Apple Inc.(NASDAQ:AAPL)
has recently handed its yearly report to the SEC, revealing that the company
has laid out an additional billion dollars on Research and Development this
year. However, in spite of jumping from $2.4 to $3.4 billion dollars, R7D
spending stayed dreary as an overall percentage of revenue. In comparison,
competitors like Microsoft and Google spend nearly 15% of revenues, and Samsung
falls in between at around 6%.
Apple said that it has
racked up the billion dollar increase by employing more researchers. It was a
year back when the company was reportedly expanding research efforts in Israel,
which is probably responsible for a big share of the strike. The addition is a
part of employing increase across the boars, as pointed out by The Next web.
During the year, the
company also increased its floor space from 13.2 to 17.3 million square feet as
it added 33 new retail stores, which are powered by retail sales growth of 33%.
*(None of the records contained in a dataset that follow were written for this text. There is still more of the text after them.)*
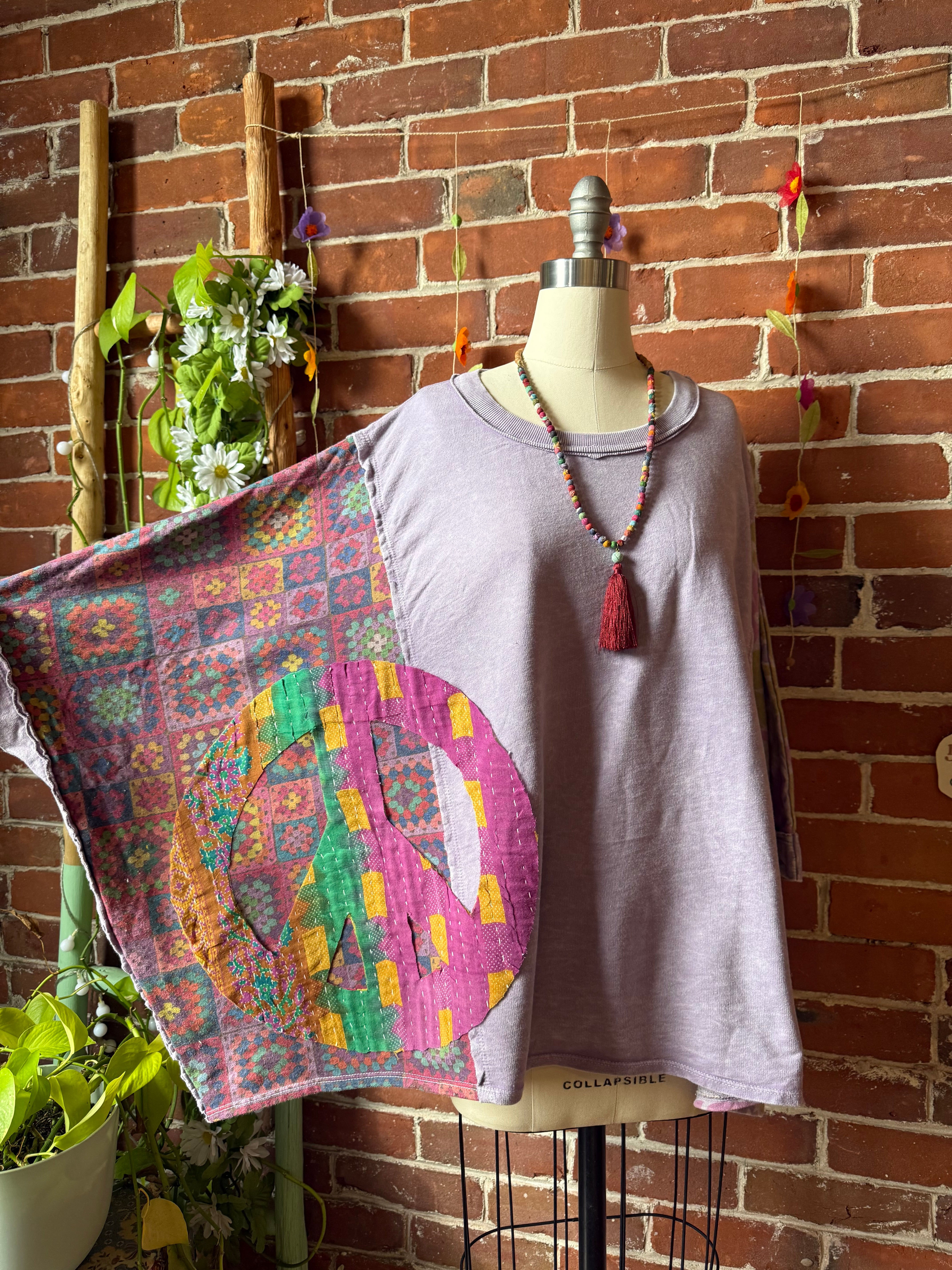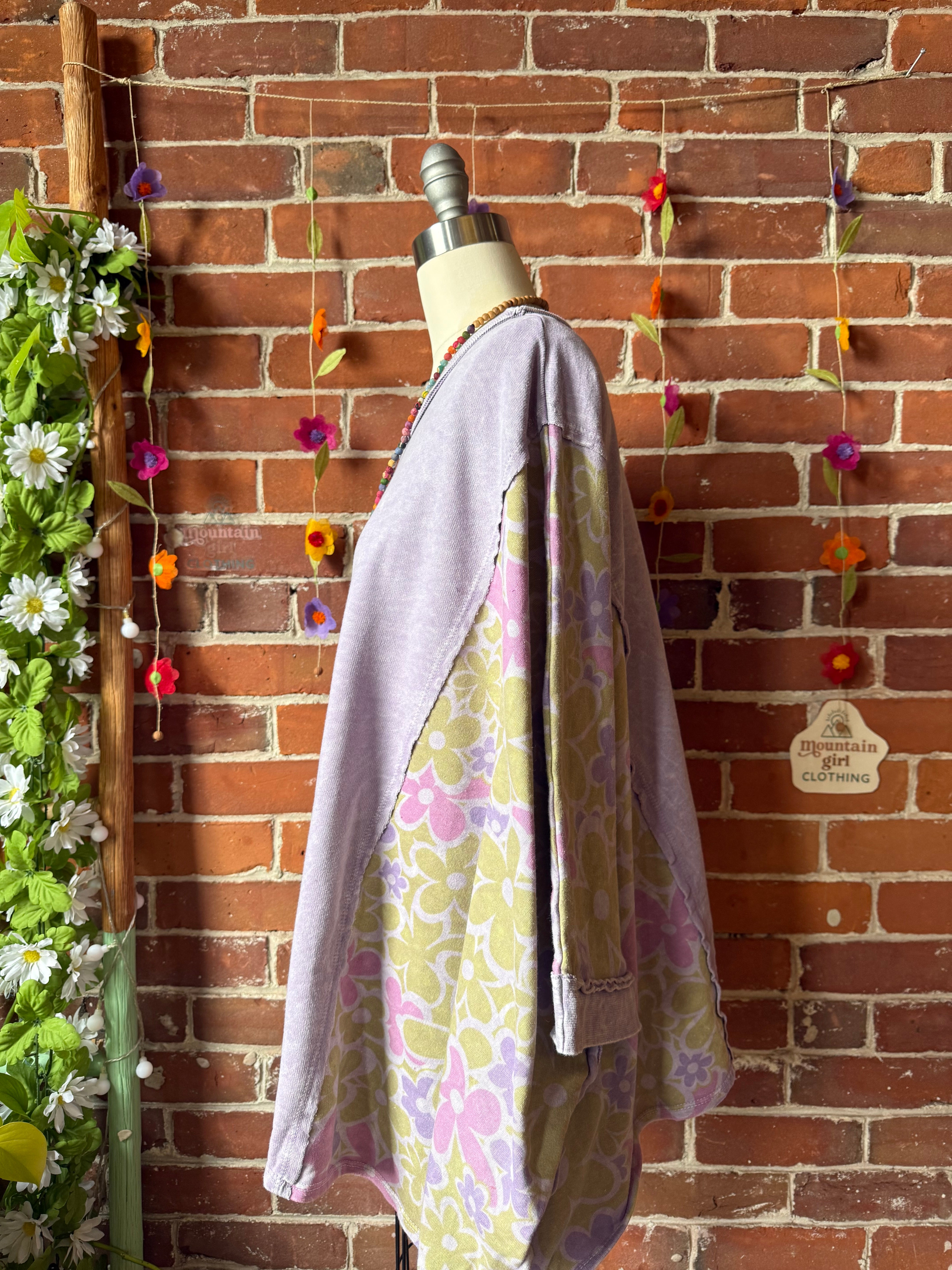 Upcycled flowy lightweight sweatshirt top and poncho sides with armholes.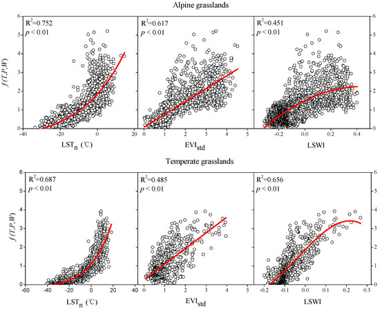 f (T,P,W) response to nighttime LST (LSTn), standardized EVI (EVIstd), and LSWI for the Tibetan alpine grasslands and the Inner Mongolian temperate grasslands.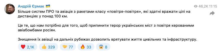 "Уничтожение их авиации на дальних рубежах позволит спасти жизнь гражданским и инфраструктуру", - написал Ермак.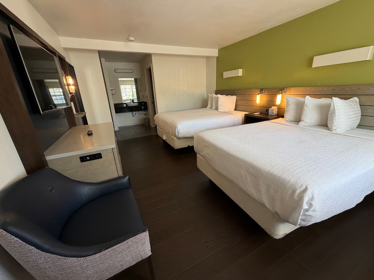 Esteetön Two Queen Room on kooltaan noin 455 neliömetriä, ja siellä on kaksi queen-vuodetta. Huoneessa on pehmeät ja kiinteät tyynyt, paikallisen Monterey-patjan patja ja eurooppalaistyyliset vuodevaatteet. Huoneessa on oma kylpyhuone, jossa on kylpyamme, Keurig-kahvinkeitin, jääkaappi, mikroaaltouuni, hiustenkuivaaja, HD-satelliittitelevisio. Tilavassa 2 Queen-huoneessa on keittiön työtaso. Esteettömään kahden kuningattaren huoneeseen mahtuu mukavasti korkeintaan 4 aikuista ja 2 lasta.

Land holdings are up as well, shooting from 584 acres in 2011 to 1,077 acres
this year since Apple declared plans to build a data centre in Oregon and add
additional solar energy capacity at its centre in North Carolina. Maybe the
most surprising figure is a 94% increase in Japanese sales over the year, as
iPhone became the top-selling smartphone in the country in spite of the long
monopoly of domestic brands like Fujitsu-Toshiba and Sharp.
Even though the company
believes that ownership of copyrights, patents and service marks is a crucial
factor in its business and that its success does depend to some extent on
ownership, the company relies mainly on innovative skills, marketing abilities
of its personnel and technical competence.
In 2013, the company
plans on opening about 30 to 35 new retail stores, three-quarters of them being
outside the US.
It shows, too. Apple has been behind the curve with its mobile devices (phones and tablets) for the past two years, almost, and has only been falling further behind with every new release.
ReplyDeleteThey are fortunate for the blind loyalty their customers have, who keep buying their mediocre products at super-premium prices, no matter what.
Maybe that's why they don't care that much to innovate.